Do total das 29 amostras de 10 pontos de coletas - distribuídos em duas Estações de Tratamento de Esgoto (ETE), duas Estações de Bombeamento de Esgoto (EBE), um manancial altamente impactado e quatro hospitais e uma Estação de Tratamento de Água (ETA)- já analisadas desde 11 de maio, cinco (17%) apresentaram resultados positivos, sendo quatro na Capital, na medição mais recente, feita entre 1 e 5 de junho.
No ponto de monitoramento da Estação de Bombeamento de Esgoto (EBE) Baronesa do Gravataí, em Porto Alegre, houve a presença do vírus em 100% das amostras de esgoto bruto nas duas coletas realizadas. Nas amostras analisadas em pontos de monitoramento dos efluentes de hospitais verificou-se resultado positivo na terceira semana de coleta.
Amostra foi coletada no Arroio Dilúvio nesta quarta-feira. Foto Sergio Louruz/PMPA/JC
Entre as ETEs da cidade, a São João Navegantes, segunda unidade de esgotos de Porto Alegre em termos de capacidade de tratamento, e que atende bairros como Navegantes, Vila Farrapos, São Geraldo, São João, Auxiliadora, Higienópolis, Santa Maria Goretti, IAPI, Dona Teodora, Humaitá e Aeroporto, apresentou reação positiva na maior porcentagem de amostras.
“Essa estação dá vazão para mais de 700 mil pessoas e foi a que apresentou mais reação positiva. Agora, nas próximas etapas, vamos repetir a coleta e ampliá-la para três hospitais, para a água do Lago Guaíba, Arroio Dilúvio, em Porto Alegre, e Vale do Sinos e Rio do Sinos”, comenta Caroline.
No Dilúvio, coleta foi realizada nesta quarta-feira (24), com apoio de técnicos da Fundação Estadual de Proteção Ambiental (Fepam).

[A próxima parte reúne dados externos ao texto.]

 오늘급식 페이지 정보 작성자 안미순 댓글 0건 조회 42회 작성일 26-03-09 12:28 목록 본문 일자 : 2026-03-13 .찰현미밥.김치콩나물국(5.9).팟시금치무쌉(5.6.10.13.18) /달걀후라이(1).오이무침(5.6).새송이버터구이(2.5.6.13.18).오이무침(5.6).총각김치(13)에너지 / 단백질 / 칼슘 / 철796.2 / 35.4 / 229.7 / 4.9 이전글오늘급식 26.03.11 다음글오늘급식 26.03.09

A pesquisadora reforça que o estudo pode ajudar as prefeituras e o governo do Estado a entender melhor por onde o vírus está circulando mais, comparar as áreas de contaminação e, a partir daí, aplicar restrições e políticas mais específicas. “Já que não podemos testar todo mundo, podemos monitorar a circulação do vírus e ver onde estão os focos de contaminação”, ressalta.
O estudo será apresentado à Secretaria da Saúde do Estado, com o intuito de viabilizar recursos para sua ampliação. Nesta primeira fase, o trabalho analisará 50 amostras até metade de julho e a intenção é conseguir estender a pesquisa para 10 meses e com abrangência em outros pontos do Estado. “Seria importante viabilizar isso, pois acreditamos que a cada semana, com o aumento de casos positivos, vão aumentar também as amostras positivas, por isso buscamos novos focos exatamente em regiões mais próximas de arroios, de alta concentração populacional e vulnerabilidade social”, completa Caroline.

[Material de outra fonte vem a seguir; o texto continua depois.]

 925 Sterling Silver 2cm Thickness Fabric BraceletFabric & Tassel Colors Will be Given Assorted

Alguns resultados esperados
- Identificar precocemente e monitorar comunidades infectadas
- Auxiliar na tomada de decisão nas medidas de distanciamento
- Monitorar a presença do coronavírus em áreas sem saneamento básico (em especial nas de maior vulnerabilidade social e densidade populacional)

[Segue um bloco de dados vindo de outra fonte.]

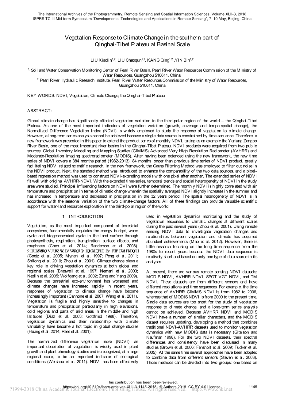 Vegetation Response to Climate Change in the southern part of Qinghai-Tibet Plateau at Basinal Scale

- Gerar impacto econômico positivo ao fornecer informações necessárias ao acompanhamento da Covid-19, na impossibilidade de testagem em massa
- Após período pandêmico, ter como alertar a presença de vírus, antecipando os casos e atuando com rapidez para conter a transmissão local da doença
Amostragem em Porto Alegre
Foram selecionados pontos estratégicos de coletas nos Sistemas de Esgotamento Sanitário (SES) que representassem a maior parte da população: Navegantes, Ponta da Cadeia e Salso. Neste último encontra-se a maior unidade de tratamento de esgoto do Rio Grande do Sul: a Estação de Tratamento de Esgoto (ETE) Serraria, que integra as SES Ponta da Cadeia, Cavalhada, Zona Sul e Salso. Também foram selecionados quatro hospitais de grande porte – públicos e privados – que recebem pacientes com Covid-19.